Nature too was generous to central Dalmatia, creating a harmony of urban centres and a still exceptionally preserved environment, on a densely populated coastline and on a series of islands bedecked in greenery. Bol on the island of Brač is where you can find the well-known Zlatni rat (Golden Cape) beach whose shape changes depending on the direction of the wind and waves. Central Dalmatia is characterised by the longest natural mainland pebble beaches, overhung by a natural shield from the sun - Dalmatian pines that create shade, especially characteristic of the Makarska Riviera and in particular of Brela, an area held by many to be the home of the most beautiful natural beaches on the Adriatic, opening to a crystal clean sea.
Rising directly above these beaches is the massif of Biokovo Nature Park of which it is said that "its feet are in the sea, and its forehead in lightning." Its peak of Sveti Juraj (St. George), standing 1762 metres above sea level, offers a clear view on sunny days to the most distant islands on the open sea. Biokovo is a habitat to many endemic plant and animal species with Chamois to this day roaming its sparse pastures.

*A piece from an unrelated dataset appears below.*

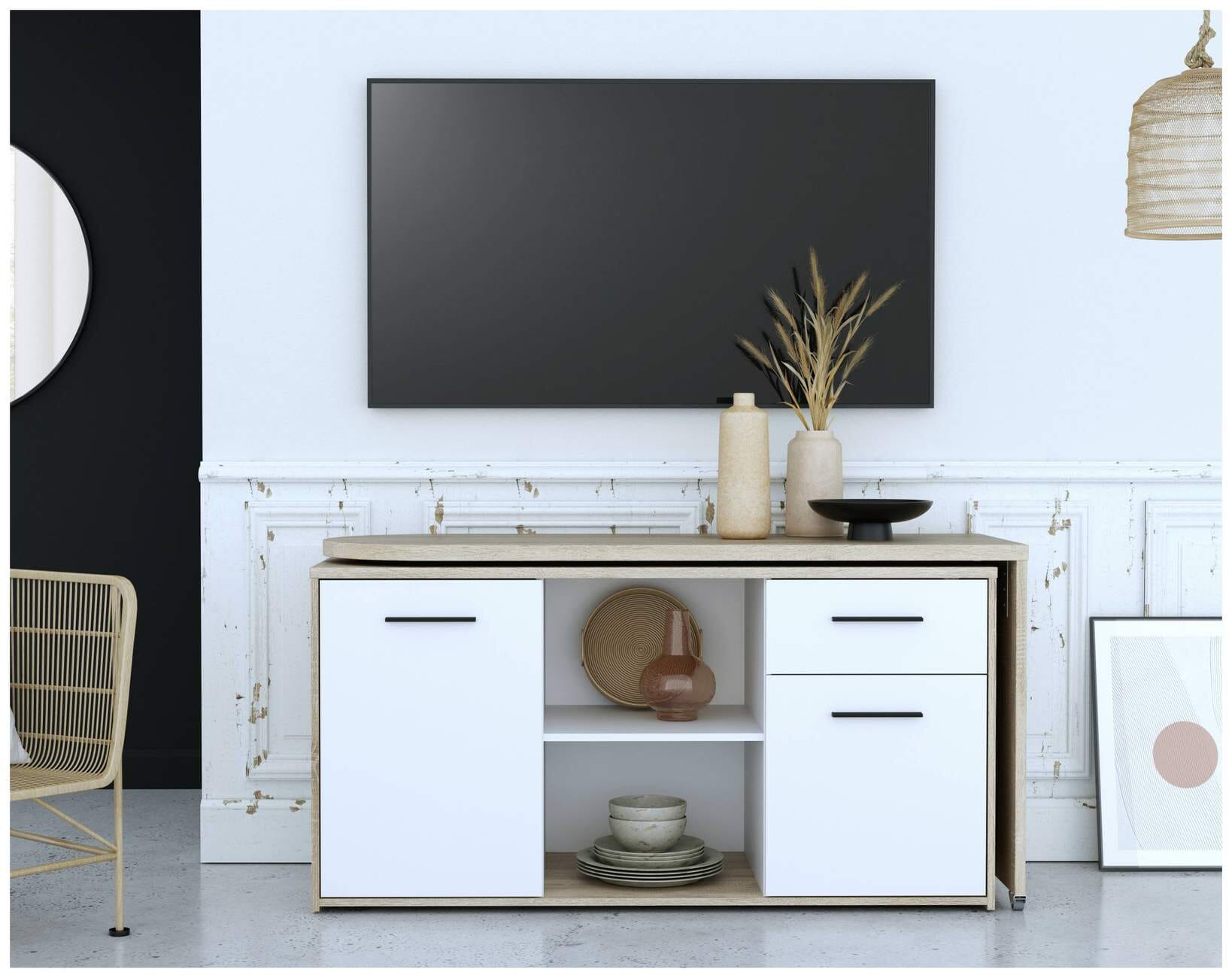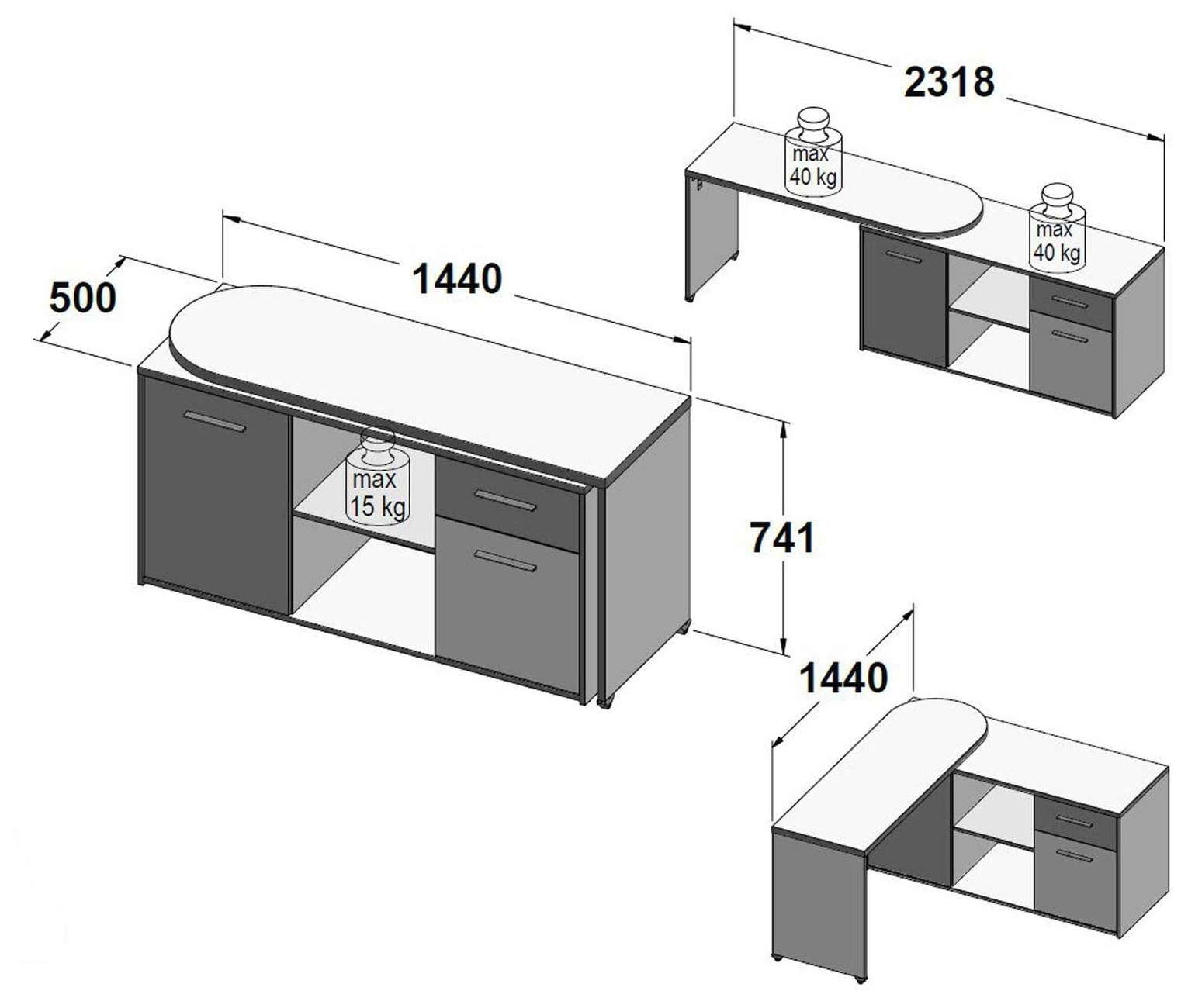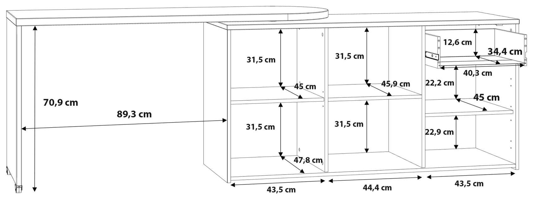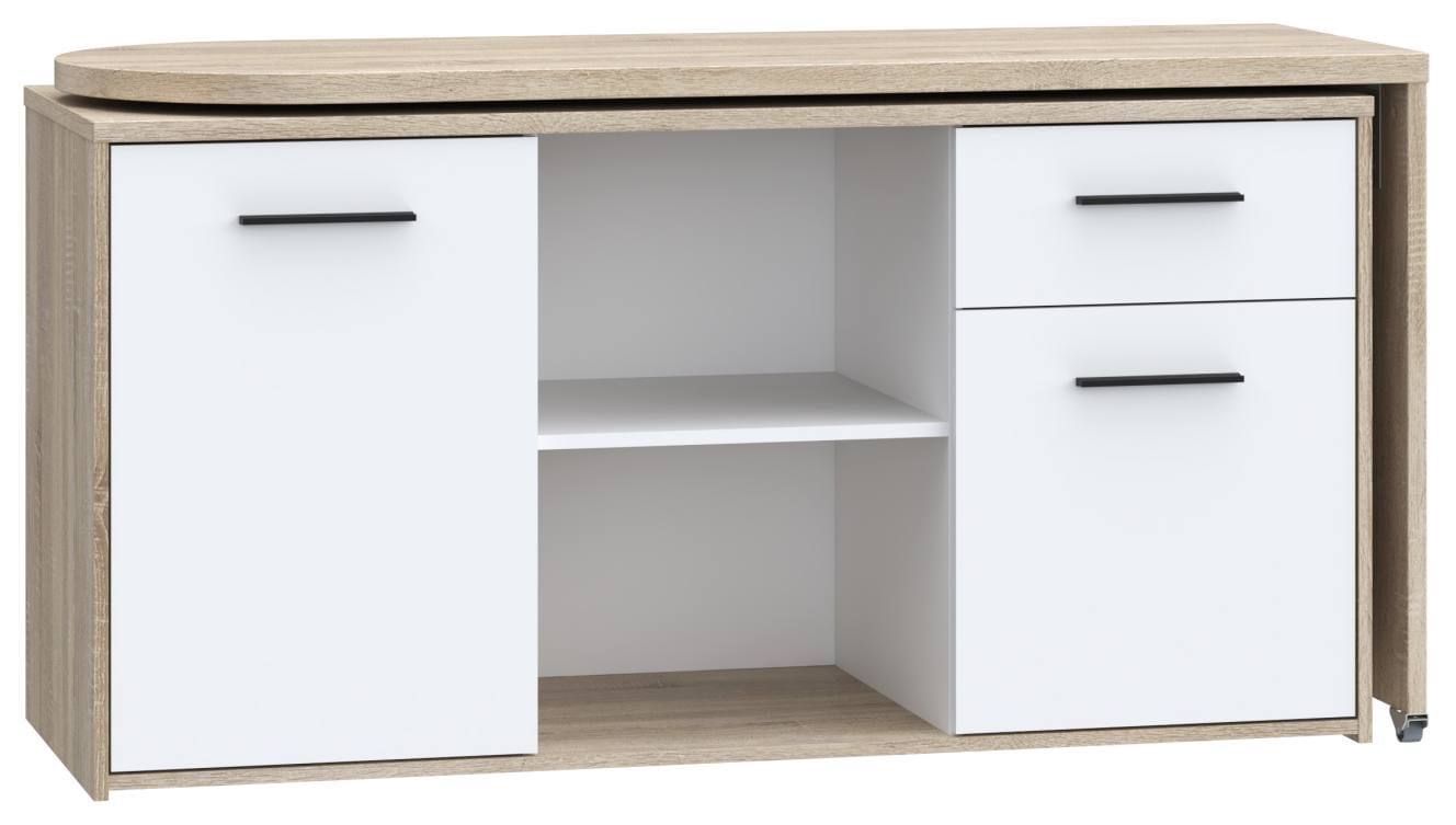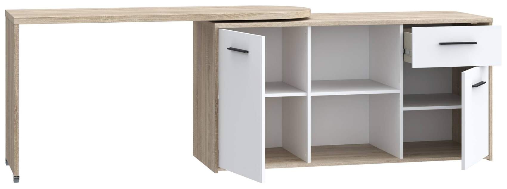 Aus einem Sideboard wird ein Schreibtisch, der um die Ecke geht. Und "ratzFatz" verwandelt sich der Eckschreibtisch in einen Arbeitstisch mit viel Platz für Ihre Beine. Nicht zu vergessen wäre, dass die Basis noch immer ein praktisches Sideboard ist.

Biokovo is also known for the phenomenon of its spectacular sunrises at summer dawns. One of the most attractive natural phenomenon on the Adriatic is the Modra Špilja (Blue Grotto) on the small island of Biševo near the larger neighbouring island of Vis. The grotto, only 17 metres wide and 31 long, is entered by boat through a small entrance among the rocks opening to the sea. Sunlight penetrates the grotto's interior through a submarine opening, illuminating the sea and visitors in silver-blue tones. Nearby is the only known habitat of the Mediterranean monk seal.